Dans ce contexte inquiétant, des groupes de plaidoyer et des individus se mobilisent à travers le pays pour lutter contre la violence basée sur le genre. Omowumi Ogunrotimi est l'une de ces figures engagées. Avocate féministe et activiste de 35 ans, elle est la fondatrice de Gender Mobile Initiative, une organisation dirigée par des jeunes qui utilise la technologie pour combattre les violences sexuelles et sexistes. Forte de plus de dix ans d'expérience, Ogunrotimi s'investit sans relâche pour transformer les structures sociales qui perpétuent la violence envers les femmes. C'est pour cela qu’elle a remporté le Global Citizen Prize en 2025.
Le parcours d’Ogunrotimi dans l'activisme a été façonné par sa propre expérience en tant que survivante d’abus sexuel à l’âge de 14 ans. Ce vécu de traumatisme et d’injustice l’a poussée à poursuivre une carrière dans le droit et le plaidoyer.
En revenant sur son passé, elle souligne le soutien reçu de ses parents lors de son processus de guérison. Cependant, elle s’est interrogée sur la décision de ses parents de garder son histoire privée à l’époque et de ne pas avoir exigé la justice qu’elle méritait, un reflet du stigmate culturel entourant les abus sexuels au Nigeria.

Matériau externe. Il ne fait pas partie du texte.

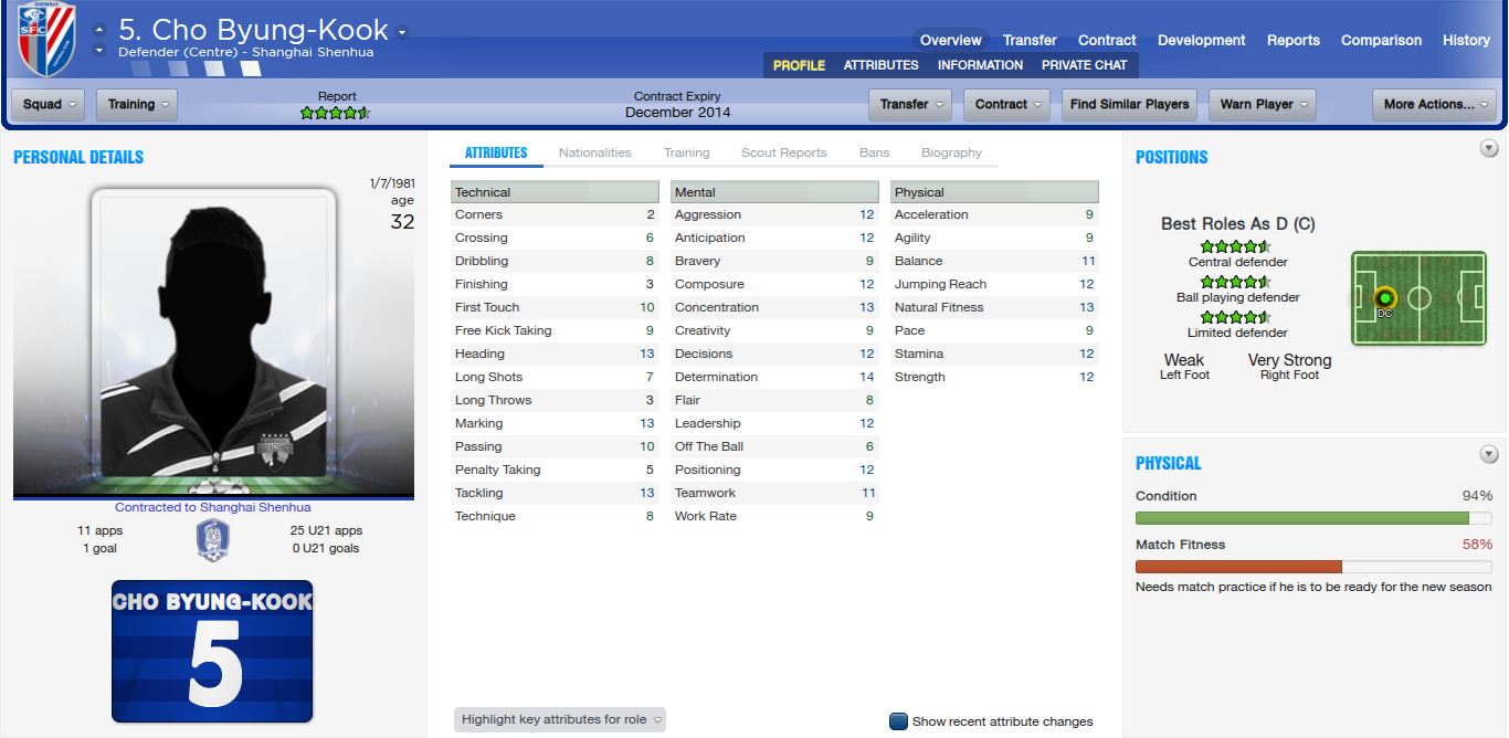 At the back there was 32 year-old Korean, Cho Byung-Kook. This guy would never let anyone past him and looks like a wall at the back. He can keep hold of a striker and pocket any balls that come near him. Although he is very good at keeping close to a striker he is easily done by any pace, being 32 means that he isn't the fastest guy in the world but I don't think that will be a problem in the Jia League.

« Je me suis toujours demandé pourquoi. Pourquoi fallait-il que ce soit une affaire privée ? Pourquoi cet homme n’était-il pas en prison ? Ensuite, j’ai continué à le voir interagir avec d’autres jeunes filles comme moi. À chaque fois, je revivais mon traumatisme, et une partie de moi savait que d’autres filles allaient traverser la même chose », se souvient-elle.
Cette expérience a renforcé la prise de conscience d’Ogunrotimi sur l’absence de soutien juridique pour les survivant·es en quête de justice. Elle a alors compris l’urgence de réformer les politiques sur la violence basée sur le genre au Nigeria. Inspirée par des personnalités comme le regretté militant Gani Fawehinmi et le juge Eddie Ojuolape, elle consacre depuis sa vie à défendre les droits des femmes et à œuvrer pour la justice des survivant·es.
En tant qu’avocate féministe, Ogunrotimi trouve un vrai sens à influencer les politiques qui impactent les vies. « Façonner des politiques qui transforment les cultures et ouvrent la voie à la justice, c’est extrêmement gratifiant », confie-t-elle à Global Citizen.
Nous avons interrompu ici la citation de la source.